相続人のひとりが、亡くなった方の指示で勤めていた会社を退職して亡くなった方の事業に労務の提供をし、その後、その事業を事実上取り仕切る立場にあったケース

  • 売上金額や給与の額、事業に関与していた期間等の事情から、亡くなった方の財産の維持に特別の寄与をしたとして、遺産の3割に当たる寄与分を認められた。

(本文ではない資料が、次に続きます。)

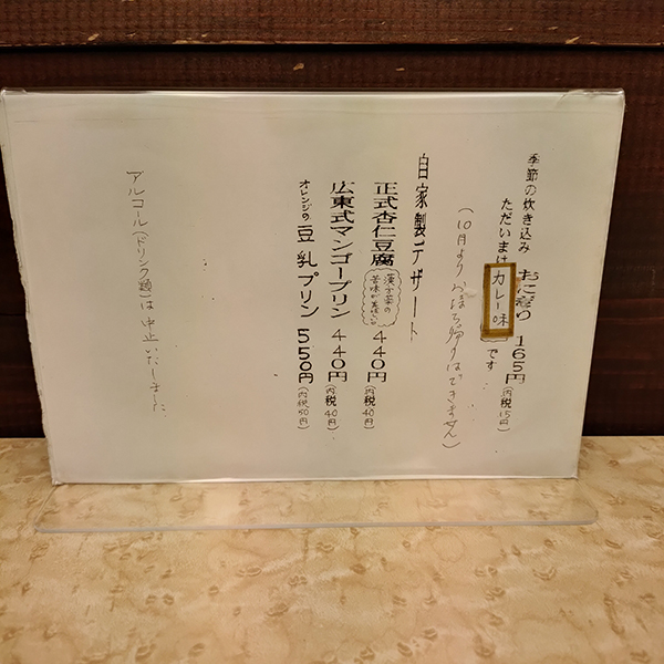 食券制ではないので、そのまま席に通される。最近では珍しいのでかえって新鮮だ。

相続人の一人が、平成8年頃から被相続人の洗髪の介助や失禁の後始末など軽度の介助を行っていたところ、平成12年8月頃から平成13年12月末ころまでの約16か月間にわたって被相続人の介護に専従したケース

  • 遺産総額中の3.2%強にあたる寄与分を認められた。

相続人の一人が、認知症により常時見守りが必要な状態となった被相続人の介護を3年にわたり行っていたケース

  • 1日あたり8000円の寄与分を3年分認められた。

寄与分が否定されたケース

次の場合には、裁判所では寄与分が否定されています。

亡くなった方が生前に脳梗塞となった後、相続人の内の1名の配偶者が通院や入浴の介助といった世話を13年間行っていたケース

  • 相続人が、亡くなった方が所有する不動産で唯一同居してきたこと、亡くなった方が一日中付添を必要とする状態にあったわけではないこと等の事情から、寄与分を否定した。

相続人の協議が調わない場合

遺産分割や寄与分について、まずは相続人間で話し合いを行うこととなりますが、相続人間で協議ができない場合または整わない場合には、家庭裁判所に遺産分割調停や寄与分を定める処分調停を提起した上、調停が成立しない場合には、家庭裁判所が審判で定めることとなります。